Feed it feeder guppies for now. I'm not sure if they'll take dead or prepared foods unless you train them.


----------



## pat3612 (Jan 29, 2008)

You can also try ghost shrimp and small baby crickets though it should eat bloodworms any kind of fish fry that can fit in its mouth


----------



## lybrian1 (Aug 10, 2010)

Where do I find Frys for it to eat. 
It should go for the bloodworms


----------



## Jackson (Jan 30, 2009)

No it won't go for the blood worms if they're dead. these things can tell dead from live foods. 

You'll need to fatten it up with live foods and then pellet/frozen food train it.

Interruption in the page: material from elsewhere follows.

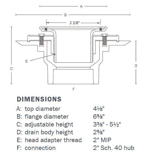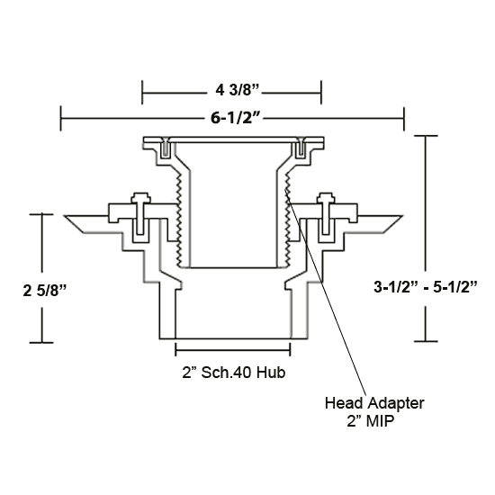 - 2" FIP thread clamping collar; 2" MIP top housing, & 2" glue on hub outlet

Or continue to starve it hoping it might go for the frozen foods. If it doesn't eat in the next couple of days you'll have todo live foods and start all over.

Crickets are a great idea


----------



## Y2KGT (Jul 20, 2009)

Did you ask at the LFS what it was eating there? Or perhaps it just needs time to settle into its new tank. Unfortunately if you keep moving it around it'll never get settled.
Good luck.
--
Paul


----------



## lybrian1 (Aug 10, 2010)

The reason I had to move it out of the community tank was because Theres so many fast swimming fish that they would eat up all the food in a matter of a few minutes. It scares the baby arowana into a corner where the intakes are.


----------



## lybrian1 (Aug 10, 2010)

I called the Lfs but the guy that answered was not too sure. He said hikari food sticks. I went to my local big ALS that were also selling baby arowanas and they said they feed blood worms.


----------



## 1oscar (Apr 14, 2010)

try meal worms the swimming movement they make will attract the Arowanna and hopefully he attacks it


----------



## bigfishy (Jun 19, 2009)

1oscar said:


> try meal worms the swimming movement they make will attract the Arowanna and hopefully he attacks it


baby arowana will have difficulty of digesting the hard shell on the mealworm, it can lead to problems


----------



## lybrian1 (Aug 10, 2010)

I moved him back Into the community tank as he seems the most happy there. I will continue to feed bloodworms and tetra flakes and hope he will eat. When I have some free time I will go to the lfs where I got him and ask for the exact same food they feed them.


----------



## Jackson (Jan 30, 2009)

All these trips yet all you have to do is offer some live foods. 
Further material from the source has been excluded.